Gaming Commission overview
- Jurisdiction: Kenya
- Headquarters: ACK Garden Annex, 1St Ngong Ave Nairobi, Kenya;
- Website: Authority website

= Betting Control and Licensing Board =

Betting Control and Licensing Board (BCLB) governs the authorization of lotteries and prize competition as well as eradication of illegal gambling activities in Kenya. It was established through an Act of Parliament (Chapter 131 Laws of Kenya of 1966). On 1 July 2019, the Betting Control and Licensing Board postponed renewing the licenses of eight sports betting operators, including Sportpesa, MelBet, Betin and Betway which controlled 85% of the total betting market in Kenya.

== History ==
BCLB was established in 1966 under the Betting, Lotteries and Gaming Act (Chapter 131 of the Laws of Kenya). The organization underwent a significant institutional change with the introduction of the Gambling Control Act of 2023, which established the Gambling Regulatory Authority of Kenya as the new regulatory body to replace BCLB's former governance structure. The BCLB is domiciled at the Executive Office of the President following Executive Order No. 1 of 2023. Jane Mwikali Makau serves as Chairperson, and Peter K. Mbugi is the CEO.

In the 2023/24 financial year, taxes from the gambling sector (including excise duty on stakes and withholding tax on winnings) totaled KES 22.3 billion.

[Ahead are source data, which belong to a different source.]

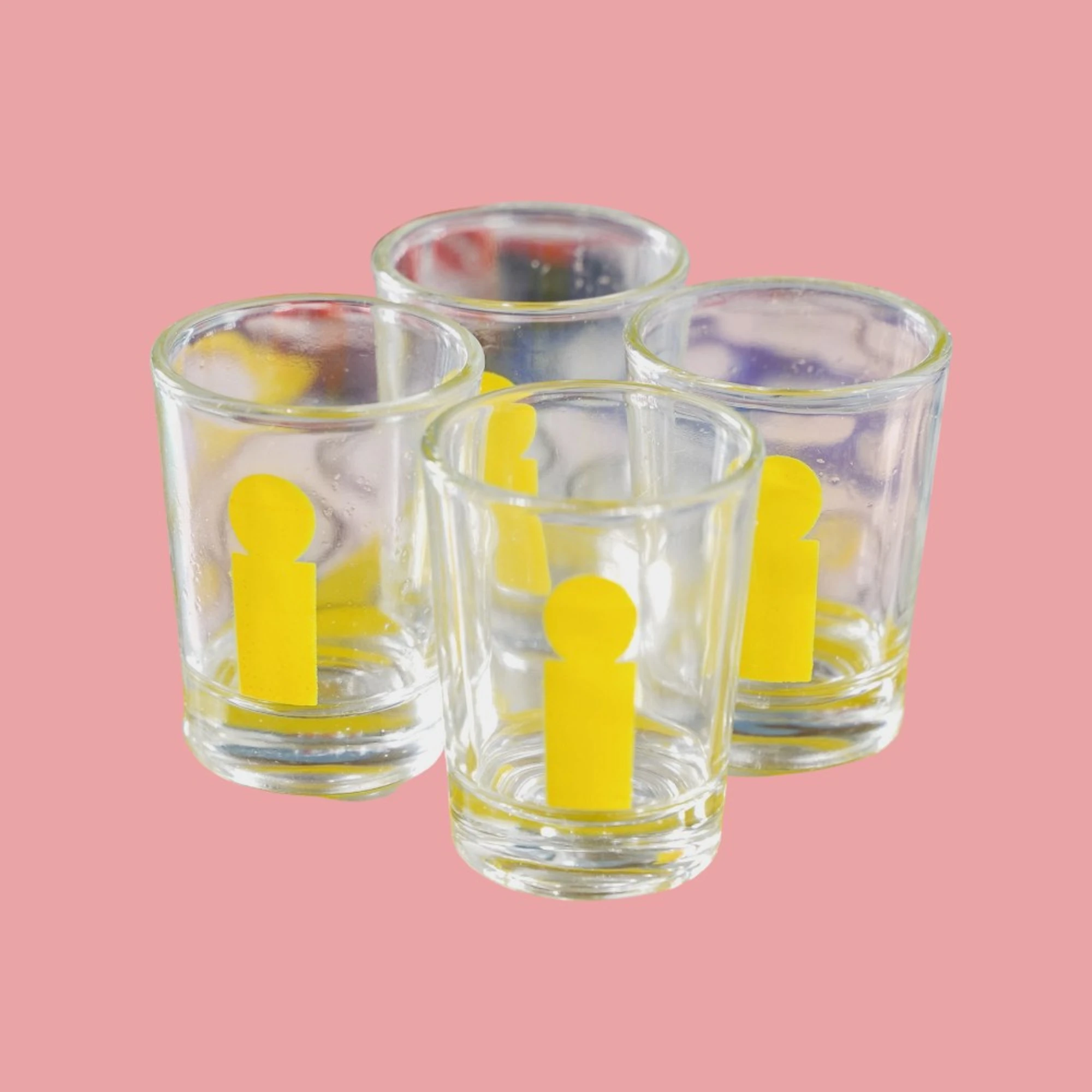 – Includes shot glasses with colorful designs
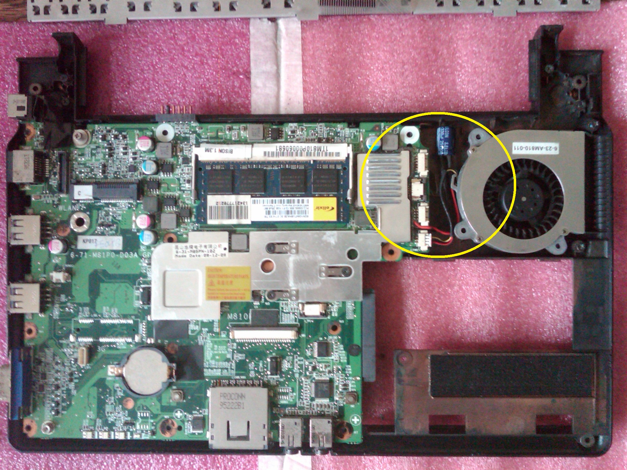 Its a NEO Basic B3230 netbook. As you can see on the picture below, the heatsink does not have any connection between the fan. How can it pull hot air out of the case if its not joined or something... The main problem is this netbook turns off because it gets really hot. Temperature rises fast, hitting 90c in just 10 mins or less.
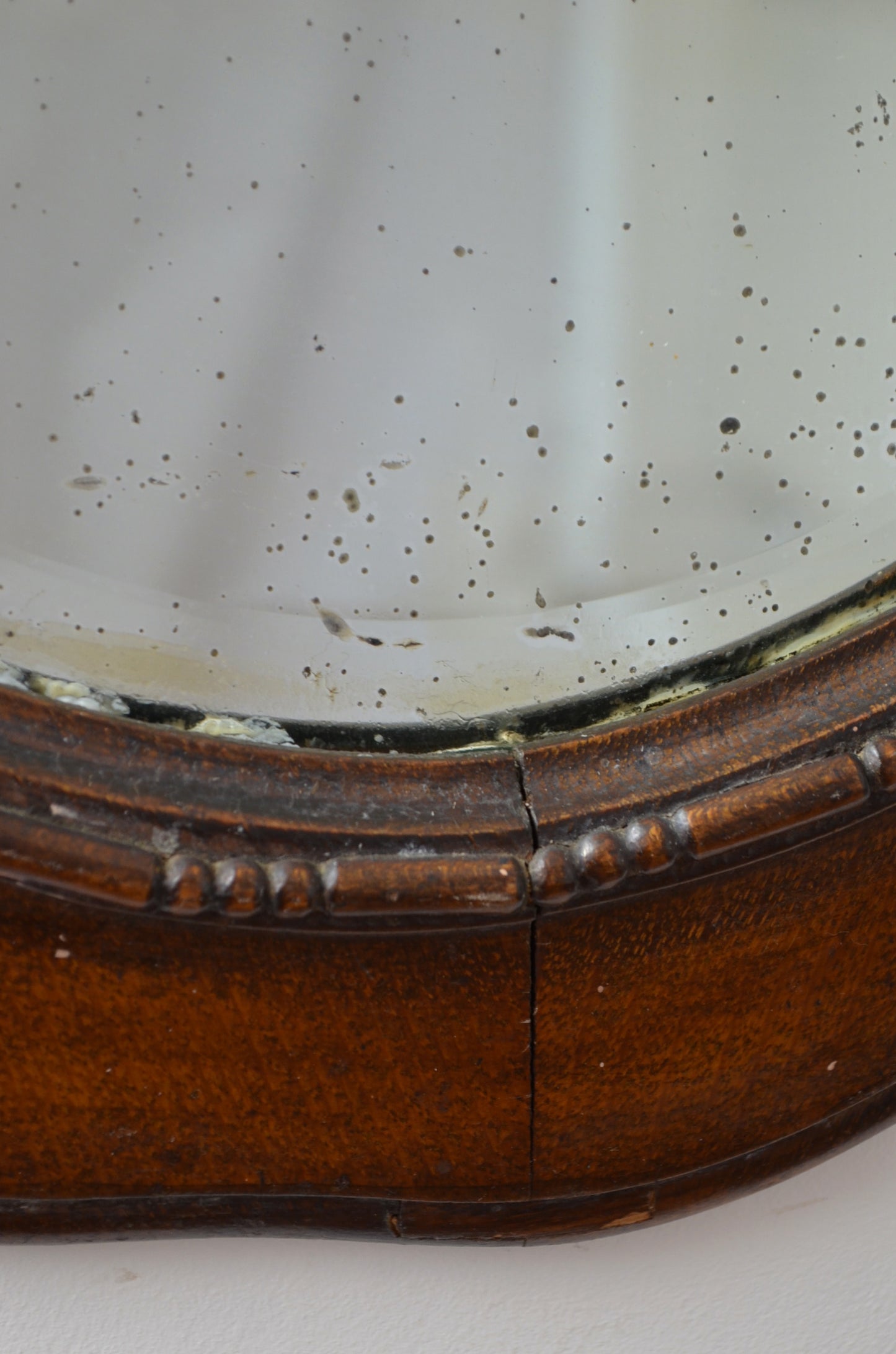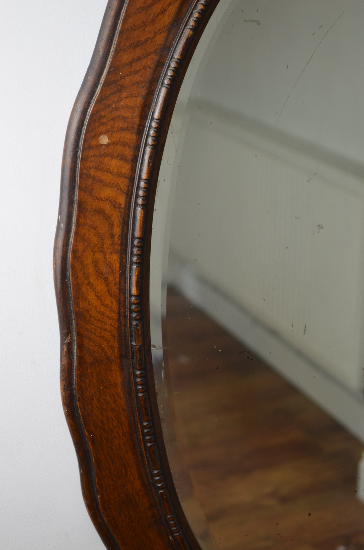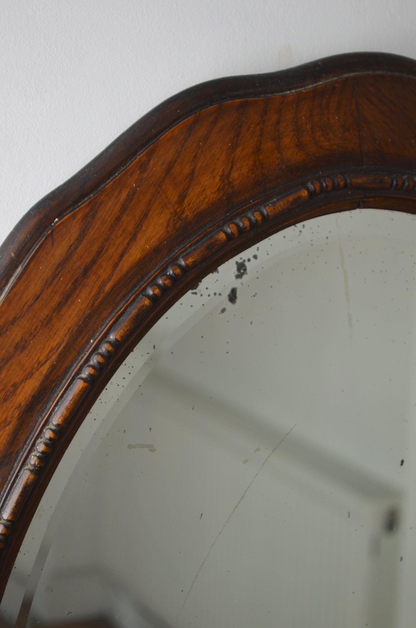 An oval oak framed wall mirror circa 1940-50s. Great colour and decorative trim.

In March 2025, the board issued mandatory compliance requirements for aviator and crash games, requiring licensed operators to resubmit detailed documentation about game mechanics, algorithms, and provider certifications within 14 days. Additionally, in May 2025, BCLB introduced strict advertising guidelines that ban celebrity and influencer endorsements, require pre-approval of all advertisements, and prohibit advertising near schools and religious sites.

== Functions ==
BCLB's mandate encompasses regulating and controlling betting, lotteries, and gaming operations throughout Kenya. The board's primary responsibilities include:

- Licensing and regulation of betting, gaming, and lottery operators;
- Consumer protection against fraud and misleading practice;
- Eradication of illegal gambling activities;
- Revenue collection through licensing fees and taxes;
- Supervision and inspection of betting and gaming premises nationwide;
- Promotion of responsible gaming and management of gambling addiction.

The board oversees more than 220 licensed firms operating in the country.